CHIME and others say hospitals and other providers are not ready and need more help from HHS.
Despite assertions from the Office of the National Coordinator for Health IT (ONC) that it has gone the extra mile to help health systems abide by new information blocking rules that begin to take effect on October 6, several are lobbying for a significant extension of the deadline.
The College of Healthcare Information Management Executives (CHIME), along with nine other healthcare provider organizations, has sent a letter to US Department of Health and Human Services (HHS) Secretary Xavier Becerra requesting an additional year to comply.
In a statement, CHIME officials asserted the organization has been an ardent supporter of information sharing and continues to advocate for patients’ ability to access their healthcare information in a digital format. But members have been hampered by scarce resources in trying to meet the deadline, the organization said.
"CHIME members remain steadfast in their dedication to be a trusted partner for patients and safeguard their ability to access their healthcare records, but it’s clear that more time is needed to ensure that providers have a thorough understanding of these important policies," said Russ Branzell, CHIME's president and CEO. "There has not been enough guidance on best practices and potential enforcement."
Citing what it said was overwhelming feedback from CHIME members representing a broad range of providers from across the healthcare continuum, including electronic health record (EHR) vendors, CHIME leadership maintained that these stakeholders are not fully prepared for the deadline.
With clinician burnout rates increasing, CHIME officials said HHS' unclear and inconsistent information sharing about data requirements could further strain healthcare providers and their support staff and may inadvertently undermine HHS’ goals to reduce provider burden, improve interoperability, and empower patients with their information.

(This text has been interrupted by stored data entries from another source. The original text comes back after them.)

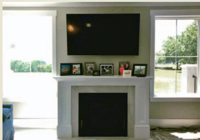
A great example of a window with film (right) vs. a window without film (left).

Often, the first topic is health, and the second is comfort.
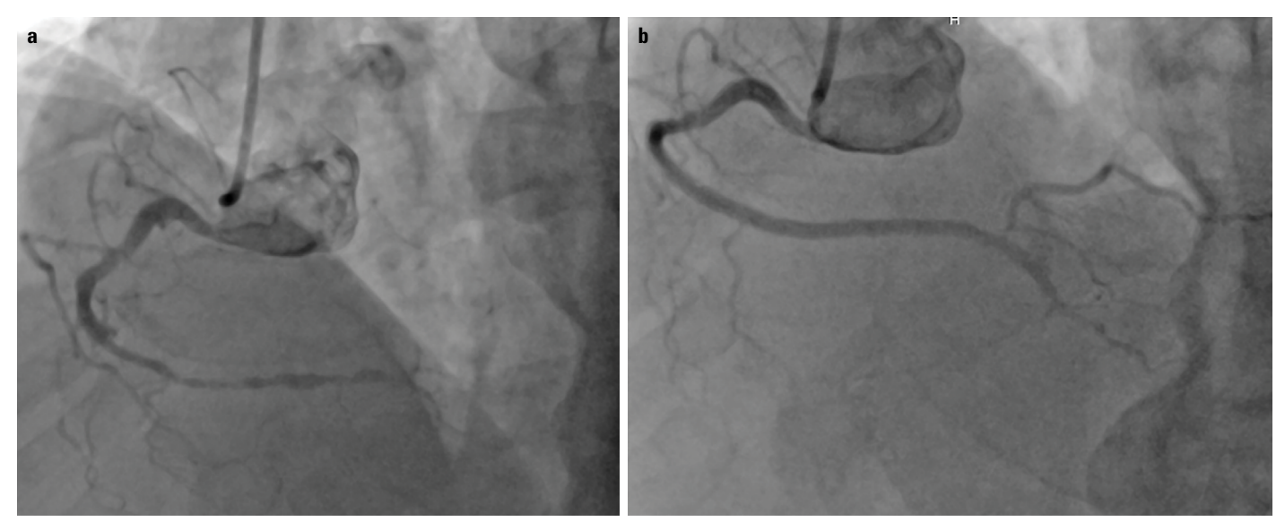
Figure 1. (a) Pre-revascularization right coronary artery. (b) Right coronary artery post revascularization

Guidezilla guide extension catheter system (Boston Scientific) (6). We present this case as an example of a simple but novel solution for preventing this complication.
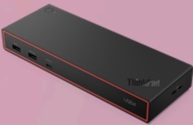
ThinkPad USB4 Dock 5000 40BF0100IN

Lenovo may not offer the products, services or features discussed in this document in all regions. Lenovo may withdraw an offering at any time. Information is subject to change without notice. Consult your local representative for information on offerings available in your area. Lenovo reserves the right to change specifications or other product information without notice. Lenovo is not responsible for photographic or typographical errors. Lenovo provides this publication "as is" without warranty of any kind, either express or implied, including the implied warranties of merchantability or fitness for a particular purpose.
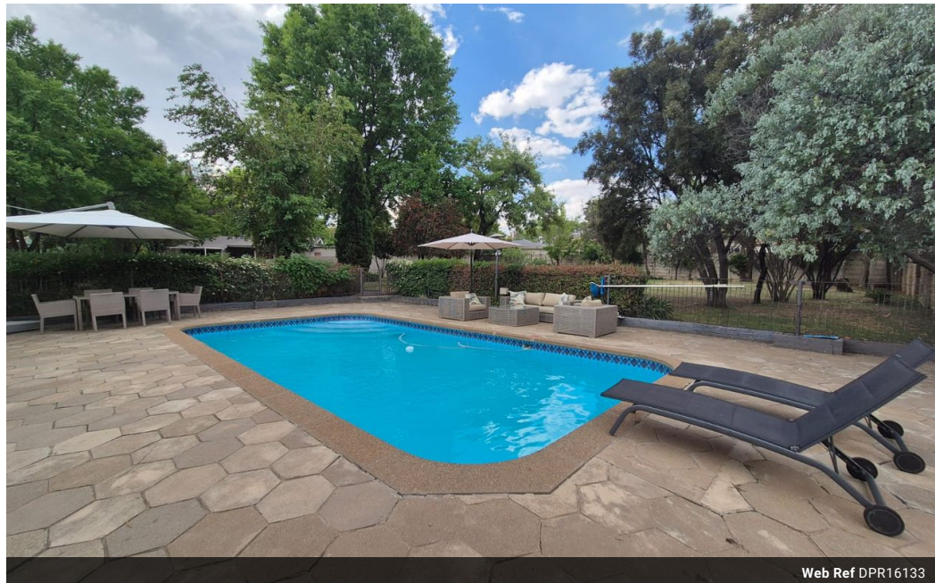
Web Ref DPR16133

Shop 2, The Palms Shopping Center, Louis Trichardt Blvd, Vanderbijlpark, 1911

Branzell said the “need for clear guidance is so important, and we need to make sure that all healthcare providers fully understand the many nuances of these complex policies.”
Small and rural providers, who more heavily rely on their EHR vendors for regulatory compliance support, are particularly unready, CHIME officials said.

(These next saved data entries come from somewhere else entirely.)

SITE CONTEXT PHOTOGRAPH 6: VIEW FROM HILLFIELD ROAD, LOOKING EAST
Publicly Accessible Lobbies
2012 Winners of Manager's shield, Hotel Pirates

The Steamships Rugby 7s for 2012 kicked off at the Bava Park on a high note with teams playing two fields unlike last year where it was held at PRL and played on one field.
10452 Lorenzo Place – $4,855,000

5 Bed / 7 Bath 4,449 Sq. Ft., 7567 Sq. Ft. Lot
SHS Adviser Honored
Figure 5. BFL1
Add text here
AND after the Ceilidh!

Postponing compliance was not CHIME's only request. The organization also requested that HHS use corrective action warning communication to providers-- especially before they impose any financial penalties or begin formal investigations.
CHIME urged the HHS to ensure that providers and clinicians have the guidance, education, and technology to support these new policies before full implementation and enforcement of information sharing regulations.
In a statement, CHIME officials said, "We believe strongly in information sharing and want to see these policies succeed. A successful implementation of information sharing necessitates that all stakeholders have the critical tools, knowledge, guidance, and systems required to comply. This is simply not the case for most of the providers represented by CHIME."
An ONC spokesperson noted that the agency has provided a wealth of information about information blocking, including fact sheets, FAQs, blogs, and webinar recordings.
The spokesperson said these resources have been continually updated since April 5, 2021, the date when the regulation became official, and pointed to a fact sheet posted at that time.
Starting October 6, "actors will be expected to avoid interfering with access, exchange, or use of the full scope of EHI, except when applicable law mandates the interference or an information blocking exception is met," the spokesman said.
The ONC also said it would post a related blog post ahead of October 6 on its Buzz Blog.
In 2016, the 21st Century Cures Act made sharing electronic health information the expected norm in healthcare by authorizing the HHS Secretary to identify "reasonable and necessary activities that do not constitute information blocking." The ONC's 2020 Cures Act Final Rule established information blocking exceptions to implement the law.
The CHIME letter was also signed by the American Hospital Association, American Medical Association, Federation of American Hospitals, and Medical Group Management Association.
Scott Mace is a contributing writer for HealthLeaders.